Scope Ambiguities in Large Language Models
Gaurav Kamath, Sebastian Schuster, Sowmya Vajjala, Siva Reddy
TL;DR
This work investigates how large language models process scope ambiguities—statements where multiple readings of semantic operators yield different interpretations. It introduces novel datasets totaling roughly 1,000 scope-ambiguous sentences with human judgments and employs two complementary experiments: a Q&A reading-preference task and a probabilistic continuation task using an ambiguity metric α. The results show that several models, including GPT-4 and GPT-3.5 variants as well as large Llama 2 models, can align with human readings and, in some cases, achieve high accuracy in identifying preferred interpretations; correlations with human judgments are strongest for certain models (e.g., text-davinci-003 and Llama 2 13B).
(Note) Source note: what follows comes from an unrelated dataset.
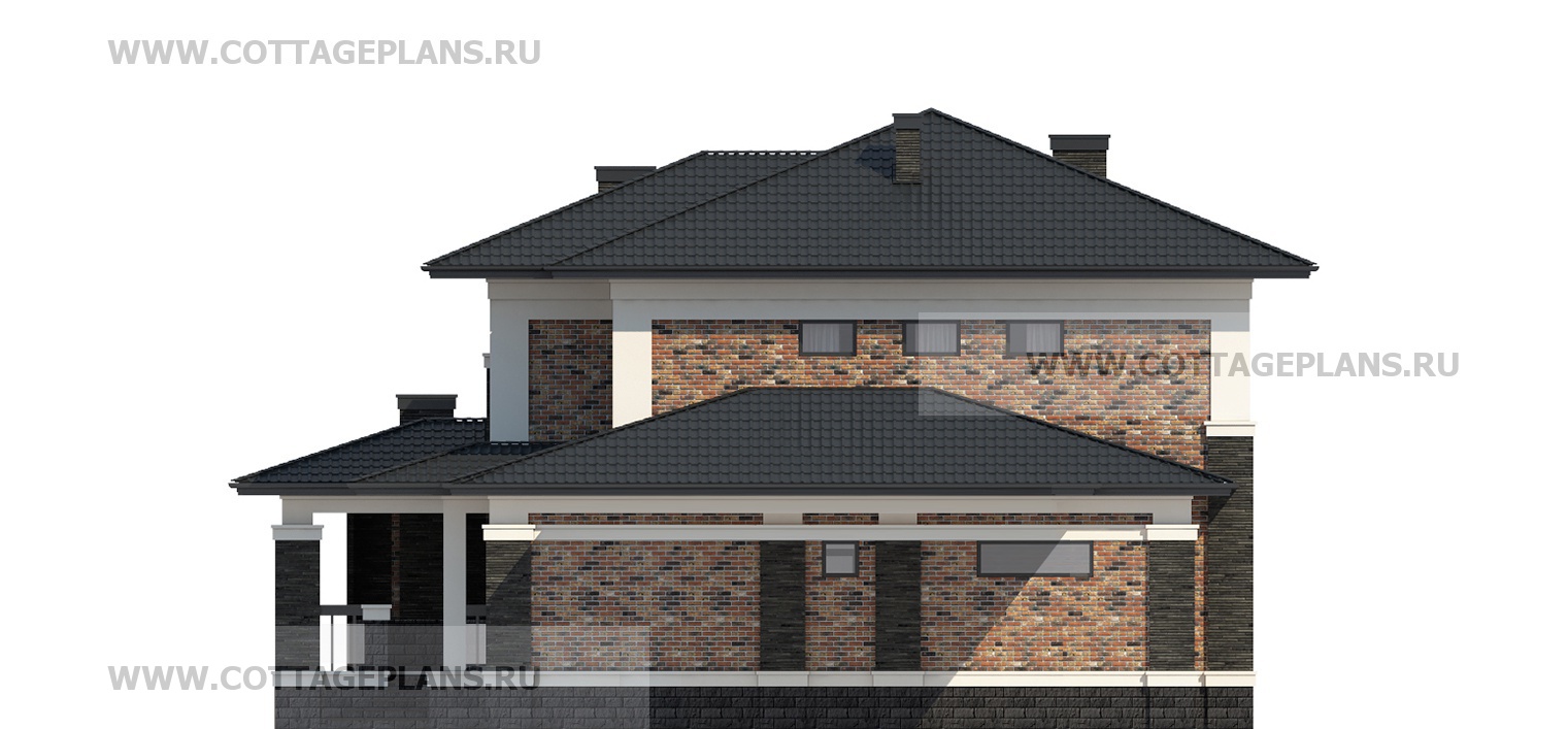Проект дома 203-50 площадь 563.1 м2* из пеноблоков, газоблоков, двухэтажный, с полноценным вторым этажом меньшей площади, чем первый этаж, со вторым светом

These findings suggest that modern LLMs can capture and utilize scope-related semantic structure, though methodological differences across studies explain disparate conclusions in the literature. The work provides a substantial resource for evaluating scope representation in LLMs and highlights the value of diverse evaluation methods for probing linguistic capabilities beyond surface performance.
Abstract
Sentences containing multiple semantic operators with overlapping scope often create ambiguities in interpretation, known as scope ambiguities. These ambiguities offer rich insights into the interaction between semantic structure and world knowledge in language processing. Despite this, there has been little research into how modern large language models treat them. In this paper, we investigate how different versions of certain autoregressive language models -- GPT-2, GPT-3/3.5, Llama 2 and GPT-4 -- treat scope ambiguous sentences, and compare this with human judgments. We introduce novel datasets that contain a joint total of almost 1,000 unique scope-ambiguous sentences, containing interactions between a range of semantic operators, and annotated for human judgments. Using these datasets, we find evidence that several models (i) are sensitive to the meaning ambiguity in these sentences, in a way that patterns well with human judgments, and (ii) can successfully identify human-preferred readings at a high level of accuracy (over 90% in some cases).